Dia menyebutkan sebagian besar pendanaan riset itu semestinya diberikan oleh negara. Namun pengelolaannya harus lebih fleksibel, tidak tergantung pada tata kelola keuangan negara. Soalnya penggunaan dana penelitian tidak bisa mengikuti sistem pelaporan bulanan, apalagi memaksakan dana selesai digunakan dalam satu tahun anggaran. "Saat ini peneliti malah terlalu sibuk dengan administrasi pertanggungjawaban keuangan, padahal dana yang didapat pun tidak seberapa," katanya.
Menteri Bambang berkaca dari pengalamannya saat menjadi mahasiswa di University of Illinois, Urbana-Champaign, Amerika Serikat. Pendanaan riset kompetitif yang diberikan oleh National Science Foundation memungkinan ilmuwan di sana menyelenggarakan penelitian multi-years dan memperkerjakan asisten penelitian. Perbedaan mencolok terasa setelah kembali ke Tanah Air karena dana penelitian yang tak seberapa besar harus digunakan sesuai dengan tata kelola keuangan negara. Pada akhirnya, tak leluasanya penggunaan dana membuat manfaat penelitian itu hanya bisa dirasakan oleh individu peneliti tapi tak banyak berpengaruh pada kemajuan Indonesia. Oleh sebab itu, Menteri Bambang mendukung program ISF yang diharapkan mampu menyediakan pendanaan penelitian yang stabil.
Indonesian Science Fund (ISF) yang tengah dipersiapkan oleh AIPI merupakan lembaga pendanaan riset otonom untuk mendukung penelitian di berbagai bidang. "Dana penelitian akan diberikan berdasarkan seleksi, termasuk track record peneliti," ujar Wakil Ketua AIPI, Profesor Satryo Soemantri Brodjonegoro, salah satu penggagas program ISF. Rencananya, program ini akan diluncurkan pada Mei 2015 bertepatan dengan Hari Kebangkitan Nasional dan peringatan 25 tahun berdirinya AIPI.

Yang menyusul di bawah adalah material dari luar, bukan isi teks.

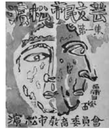
紙表集第一市民文芸会 第一集第一市民文芸会

浜松市民文芸第1集は、昭和三十一年（1956年）三月、浜松市教育委員会によって発行されました。市民が主役の市民のみなさんのための文芸冊子づくりを目指したもので、その後、毎年の発行という長い歴史を積み重ね、今回で誕生から七十年を超え、第71集となりました。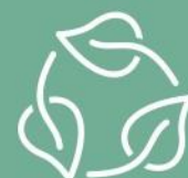
CESTOS PARA RECICLAJE DE BASURA

PENSAMOS EN UN MEJOR FUTURO PARA EL MEDIO AMBIENTE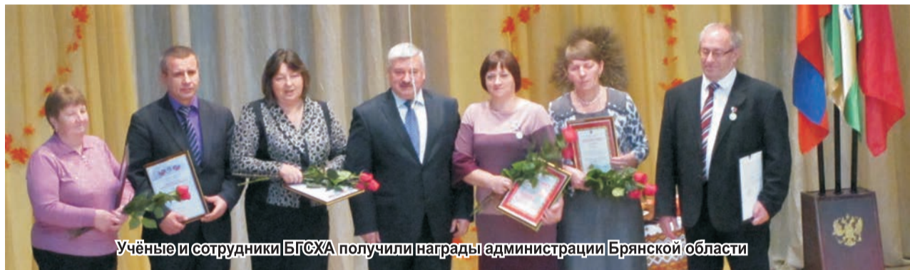
Учёные и сотрудники БГСХА получили награды администрации Брянской области

Каждое поздравление сопровождалось номерами художественной самодеятельности, подготовленные культурно-досуговым центром БГСХА. Ну и конечно же не обошлось без выступления известного не только в Кокшино, но и далеко за его пределами ансамбля «Бабкины внуки», которому руко-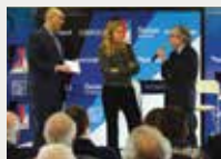
143 Club Junior FC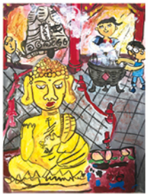
307 吳丞諺 拜拜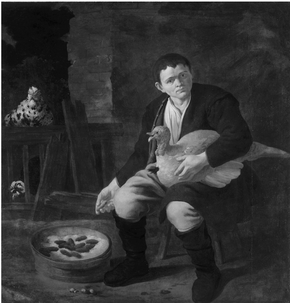
6. Joannes Almenak, Deček s puranom, olje/platno, 150.5 x 155 cm. Ljubljana, Narodna galerija

postavljajo okvirni čas Almenakovega delovanja na Kranjskem v zgodnja osemdeseta leta 17. stoletja. 14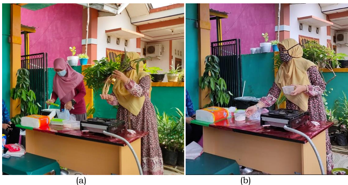
Gambar 1. Sosialisasi Memperkenalkan tumbuhan umbi garut (a) beserta tepung umbi garut dan tepung ikan (b)

Kegiatan Pengabdian Kepada Masyarakat ini dimulai dengan memperkenalkan tumbuhan umbi garut terlebih dahulu dan manfaat penggunaan tepung umbi garut bagi tubuh terutama para lansia, anak-anak, ataupun orang-orang yang mengalami intoleransi terhadap keberadaan gluten pada tepung terigu yang biasa digunakan masyarakat untuk membuat mie basah. Kemudian dilanjutkan dengan sosialisasi penggunaan tepung ikan bleberan untuk meningkatkan nilai ekonomis dan daya guna dari ikan bleberan sebagai pelengkap protein di mie basah yang akan diolah, selain itu dapat juga menjadi pemasukkan tambahan bagi warga jika ingin memproduksi dan memasarkan hasil olahan mie seperti pada Gambar 1.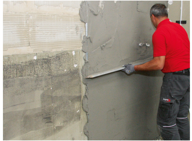
Anschließend den Putz mit einer Latte über die Putzschienen sauber von unten nach oben abziehen.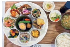
あきない御膳定食 1,200円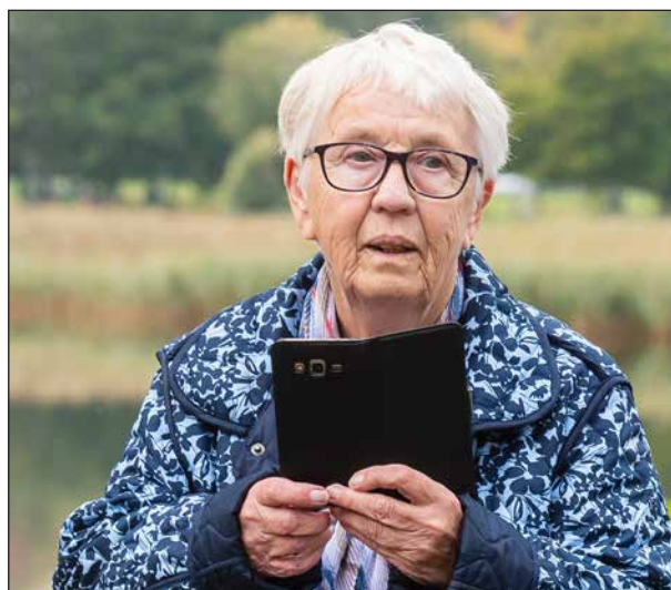
Många fick med sig bilder hem från tågutflykten.

Mobilkameror kom fram och det fotades över den spegelblanka sjön, ”Guldagneta” sittande i sin kanot, vid träden samt sittande gäster. Innan tåget vände hemåt med den andra ”besättningen” var det flera som uttryckte sin glädje över utflykten och sade att det var guld värt att de fått vara med. Det kom även en liten knatte som ville åka med tåget vilket han gjort flera gånger tidigare. Han fick veta vart tåget skulle och gick vidare istället.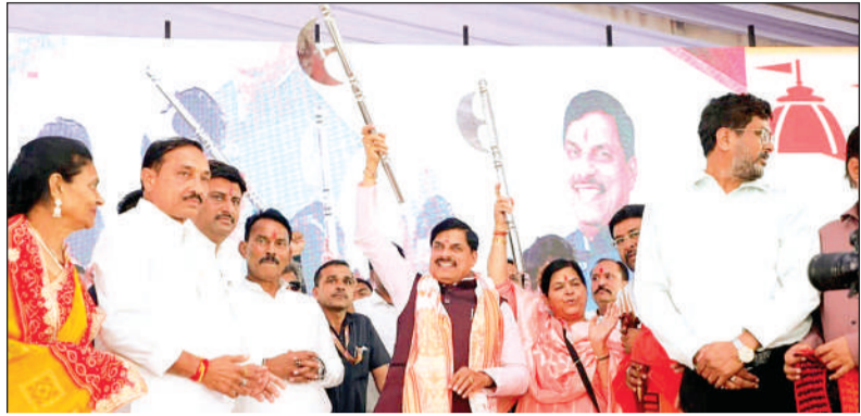
जानापाव में मुख्यमंत्री डॉ. यादव को भगवान परशुराम प्रकटोत्सव में प्रतीक स्वरूप फरसा भेंट किया गया।

मुख्यमंत्री ने भगवान परशुराम की जन्म-स्थली पर की पूजा-अर्चना

Utusan Khusus Amerika Serikat untuk Indonesia di bidang sains pada 2010-2011, Dr. Bruce Alberts, mengatakan program atau lembaga pendanaan riset dengan konsep seperti ISF sangat dibutuhkan di Indonesia. Skema serupa juga sudah lazim digunakan di berbagai negara seperti Amerika Serikat, Australia, dan negara-negara Eropa. "Seleksi berdasarkan kepatutan penelitian sangat penting dan merupakan terobosan untuk mengembangkan ilmu pengetahuan Indonesia," ujarnya. Sejumlah lembaga donor seperti USAID dan Knowledge Sector Initiative Australia juga sudah menyatakan ketertarikan untuk mendukung program ini.